• Required work: Would you print the lines below exactly, beginning at the line that has "Letter & Cartoon" and stopping after the line that has "希少 EU製 定価9万◆UABONI*ユアボニ*幻のパティーヌ*ベルト◆手染"? Only those lines, and no pictures.
*** Opening Records for the task ***
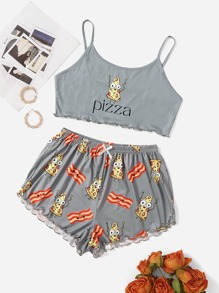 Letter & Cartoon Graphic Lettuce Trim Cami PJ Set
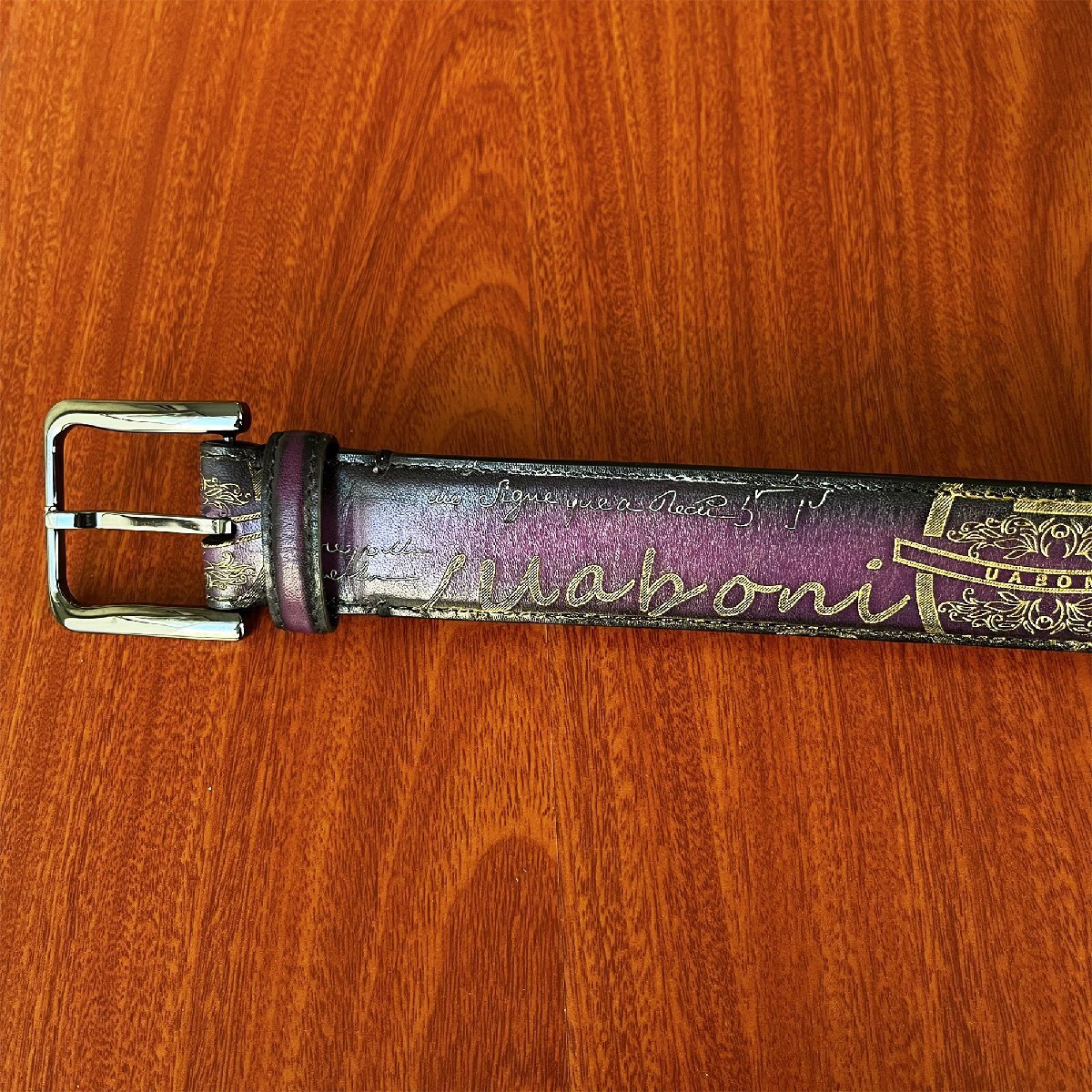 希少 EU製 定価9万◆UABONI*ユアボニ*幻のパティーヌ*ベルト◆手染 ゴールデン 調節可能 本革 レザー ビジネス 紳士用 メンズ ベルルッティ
*** Closing Records for the task ***
*** Opening Records for the task ***
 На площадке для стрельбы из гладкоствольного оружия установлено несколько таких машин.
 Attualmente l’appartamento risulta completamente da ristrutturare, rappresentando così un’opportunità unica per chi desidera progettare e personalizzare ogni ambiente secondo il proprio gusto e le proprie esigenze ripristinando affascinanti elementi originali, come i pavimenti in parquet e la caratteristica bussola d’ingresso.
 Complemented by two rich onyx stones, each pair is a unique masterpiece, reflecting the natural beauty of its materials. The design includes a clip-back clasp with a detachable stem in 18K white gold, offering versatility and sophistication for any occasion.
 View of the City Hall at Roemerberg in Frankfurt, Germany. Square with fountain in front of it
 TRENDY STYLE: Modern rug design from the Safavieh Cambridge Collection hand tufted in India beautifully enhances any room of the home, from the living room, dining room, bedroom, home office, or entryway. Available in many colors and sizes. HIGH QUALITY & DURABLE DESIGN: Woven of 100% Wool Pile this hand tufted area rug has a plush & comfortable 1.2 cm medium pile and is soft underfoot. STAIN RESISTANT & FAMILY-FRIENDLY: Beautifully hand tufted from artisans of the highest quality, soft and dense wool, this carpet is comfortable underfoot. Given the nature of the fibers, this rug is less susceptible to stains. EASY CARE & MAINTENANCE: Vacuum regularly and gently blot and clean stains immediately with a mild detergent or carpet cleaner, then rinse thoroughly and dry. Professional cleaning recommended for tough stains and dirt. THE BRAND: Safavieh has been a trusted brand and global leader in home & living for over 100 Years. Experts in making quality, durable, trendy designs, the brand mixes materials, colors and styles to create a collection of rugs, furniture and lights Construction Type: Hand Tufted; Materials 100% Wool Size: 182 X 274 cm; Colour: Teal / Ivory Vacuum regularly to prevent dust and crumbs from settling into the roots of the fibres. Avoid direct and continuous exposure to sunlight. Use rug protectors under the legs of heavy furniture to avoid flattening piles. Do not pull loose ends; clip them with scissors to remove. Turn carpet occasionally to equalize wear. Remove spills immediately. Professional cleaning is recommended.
*** Closing Records for the task ***
• Exercise answer:
 Letter & Cartoon Graphic Lettuce Trim Cami PJ Set
 希少 EU製 定価9万◆UABONI*ユアボニ*幻のパティーヌ*ベルト◆手染 ゴールデン 調節可能 本革 レザー ビジネス 紳士用 メンズ ベルルッティ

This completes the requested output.